Yang Song died on November 26, 2017, after falling four stories during a vice raid on the massage parlor at which she worked. The parlor had been targeted for offering illegal sexual services. Song, entrapped and facing arrest, was recorded by interior and exterior surveillance cameras in the seconds just before and during her fall, though the actual moment she left the balcony wasn’t caught. In June 2018, the NYPD officially ruled her death a suicide or accident, absolving their officers of culpability. Their report describes her and the events of her death as follows:

At approximately 9:00 p.m., the injured woman was positively identified as JD [Jane Doe] Ponytail, who IMOS-UC1 had engaged in a conversation related to the exchange of $80 for sexual intercourse inside of the subject location and followed into the subject apartment, based upon his description given of a “female Asian, approximately 5’5, 125lbs, 35 years old, black hair, light skin tone, black outer jacket and red scarf.” At that time, the hospitalized subject’s status was listed as “arrested” for violating, NYPL § 230.00 Prostitution, under arrest no. Q17652546.

That Song died under arrest—or more specifically was categorized as “arrested” while she was dying in a hospital—when one can imagine that she jumped precisely to avoid this fate, is chilling. No actual sex need take place for someone to be arrested for prostitution, only an offer or agreement to exchange sex for money. This law allows for the tactic of cops impersonating clients: If actual sexual contact needed to take place, surveillance would be the only option for law enforcement, as permitting officers to follow through and have sex with workers only to arrest them after the act would pose a public-relations nightmare. Nonetheless, the practice of police impersonating clients facilitates exactly that: coerced sexual contact between police and sex workers. Once cops are given a legal reason—or, even further, a command—to solicit sex from sex workers, it’s awfully easy to imagine them simply . . . following through.

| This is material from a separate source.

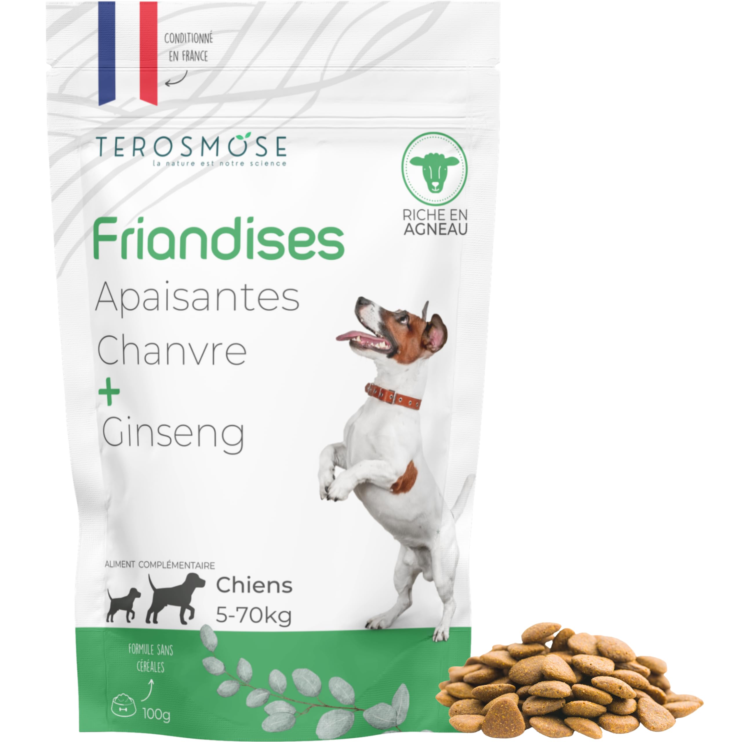 Take action today : Treat your dog to premium nutrition that improves their mental and physical health. Choose hemp kibble with a delicious lamb flavor for a happier, fitter companion. Reduce Excessive Barking : Hemp kibble is known to reduce excessive barking, improving the peace and quiet of your home, helping your dog stay calm and relaxed, even when you're not home. Fight Separation Anxiety : Our special formula helps relieve separation anxiety, helping your dog stay calm and relaxed, even when you're not home. Increased Mobility Comfort : Promote your dog's mobility and comfort with a diet rich in protein and fiber, ideal for joints and muscles. Reduce stress and aggression : Soothe your dog naturally with our hemp recipe that targets stress and aggression, improving their quality of life.Passez à l'action aujourd'hui : Offrez à votre chien une alimentation de qualité supérieure qui améliore sa santé mentale et physique. Faites le choix de croquettes au chanvre au délicieux goût d'agneau pour un compagnon plus heureux et en meilleure forme. Réduisez les aboiements excessifs : Les croquettes au chanvre sont connues pour réduire les aboiements excessifs, améliorant ainsi la tranquillité de votre foyer aidant votre chien à rester calme et détendu, même lorsque vous n'êtes pas à la maison. Contre l'anxiété de séparation : Notre formule spéciale contribue à soulager l'anxiété de séparation, aidant votre chien à rester calme et détendu, même lorsque vous n'êtes pas à la maison. Mobilité et confort Accrus : Favorisez la mobilité et le confort de votre chien avec une alimentation riche en protéines et en fibres, idéale pour les articulations et les muscles. Réduisez le stress et l'agressivité : Apaisez votre chien naturellement grâce à notre recette au chanvre qui cible le stress et l'agressivité, améliorant ainsi sa qualité de vie.

In the year before her death, Song herself was assaulted by someone claiming to be a police officer. He flashed his badge at her, pulled out his gun, and demanded sexual services. There is no way to know whether her assaulter was an actual officer or an impersonator. As reported by journalists Melissa Gira Grant and Emma Whitford for The Appeal, Song’s lawyer said she filed a report with the NYPD and picked out an assailant from a lineup but “never received any follow-up,” while the NYPD denied that she filed such a complaint in the first place. The incident nonetheless demonstrates the vulnerability of sex workers entrapped by police, or even those claiming to be police. The close proximity of vice police to workers is a demand of the job, ensuring sex becomes not just an abstract offer to be used as proof later in court but a material bargaining chip. The competing dominant views of sex workers—as helpless, traumatized victims or greedy, morally bankrupt gold diggers—each further their dehumanization in the eyes of police and society, creating different inroads to their positions of precarity. In the first view, they are simply powerless, and in the second, they are deserving of whatever ill fate befalls them. For sex workers, to face officers is to face at best sexual coercion and at worst incarceration or death.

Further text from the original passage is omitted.